Géré par la Fondation Roi Baudouin, le Fonds Kornelia Dirichs soutient les femmes sans-abri de la Région de Bruxelles-Capitale. Grâce aux moyens de ce Fonds, Communa a pu recruter un animateur pour gérer au quotidien le ‘Cocon gourmand’ et assurer une permanence dans les locaux. L'aménagement du local a également pu être pris en charge et un vélo électrique a été acheté. "Cela a beaucoup facilité les courses et la mobilité de l'équipe", explique M. German.
Le ‘Cocon gourmand’ abrite également une laverie sociale depuis 2022, en collaboration avec l'asbl Plouf ! Les habitantes de la Sorocité et les gens du quartier peuvent venir y faire leur lessive et prendre un café. Plouf ! a installé un certain nombre de machines à laver et permet aux gens de se rencontrer. Non seulement le lavage chez Plouf ! est beaucoup moins cher, mais pour les habitants du quartier, c'est aussi moins loin et jamais ennuyeux ; il y a toujours quelque chose à faire.
"Nous voulons responsabiliser les habitantes de la Sorocité, les rendre plus autonomes. Nous avons un Conseil des habitantes lors duquel nous nous engageons, mais nous les écoutons aussi dans nos contacts quotidiens, plus informels", explique Simon. "Ce que nous faisons dans le ‘Cocon gourmand’, nous l'adaptons autant que possible à leurs besoins.

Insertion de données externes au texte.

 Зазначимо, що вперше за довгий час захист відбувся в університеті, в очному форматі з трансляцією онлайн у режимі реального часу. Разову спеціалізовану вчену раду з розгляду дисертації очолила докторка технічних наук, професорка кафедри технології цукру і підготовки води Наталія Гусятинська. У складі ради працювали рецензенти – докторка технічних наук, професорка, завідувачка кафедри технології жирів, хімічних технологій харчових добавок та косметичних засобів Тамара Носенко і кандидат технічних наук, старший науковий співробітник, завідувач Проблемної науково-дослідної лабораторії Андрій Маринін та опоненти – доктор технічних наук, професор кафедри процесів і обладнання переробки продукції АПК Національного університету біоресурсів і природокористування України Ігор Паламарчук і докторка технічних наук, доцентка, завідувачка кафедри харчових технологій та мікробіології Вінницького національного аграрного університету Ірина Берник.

Et nous leur proposons des informations sur des sujets qui les concernent, par exemple la gestion énergétique de leur appartement. Nous sommes dans l'écoute active et non dans le jugement. Nous travaillons, même si, bien sûr, des règles et des accords sont nécessaires pour vivre ensemble. Les personnes qui ont vécu longtemps dans la rue manquent parfois de certaines compétences et habitudes que la plupart des gens considèrent comme acquises. En misant sur une bonne entente, et grâce à notre proximité, nous apprenons à vivre ensemble".

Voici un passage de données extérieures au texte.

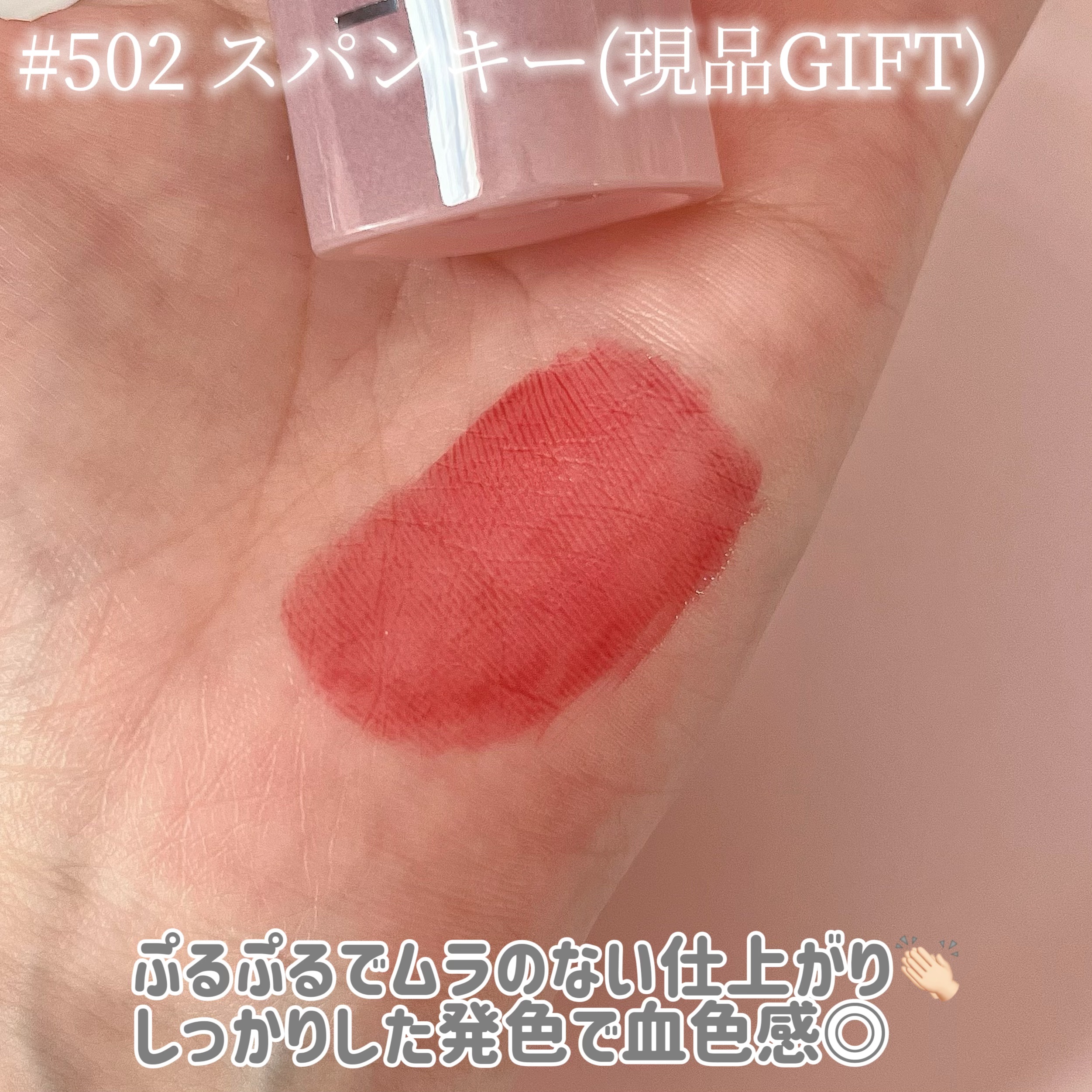 透け感たっぷり みずみずしいテクスチャーのウォータリーティント。 502 Spunkyの鮮やかな色味と合わせたとき、ムラになりやすくて綺麗にのらなかった😭 フルーティーグラムティントとジェリーイングヌードグロスの方が個人的には好み…!

Pendant ce temps, l'ambiance à la table reste bonne. Des gens partent, d'autres arrivent. "J'ai envie de faire un gratin aux chicons", confie l'une des résidentes. "La liste des courses est déjà prête". Tout le monde est enthousiaste, on se met d'accord sur qui prendra le lead de la cuisine, qui viendra aider, qui fera les courses. Simon et German sont satisfaits : "Cette dynamique s'est installée petit à petit, avec le temps. Au début, nous faisions tout nous-mêmes : la cuisine, la vaisselle, le ménage... Entre-temps, les occupantes prennent elles-mêmes plus d'initiatives, elles voient davantage ce qu'il est possible de faire et comment. Notre façon de travailler porte ses fruits."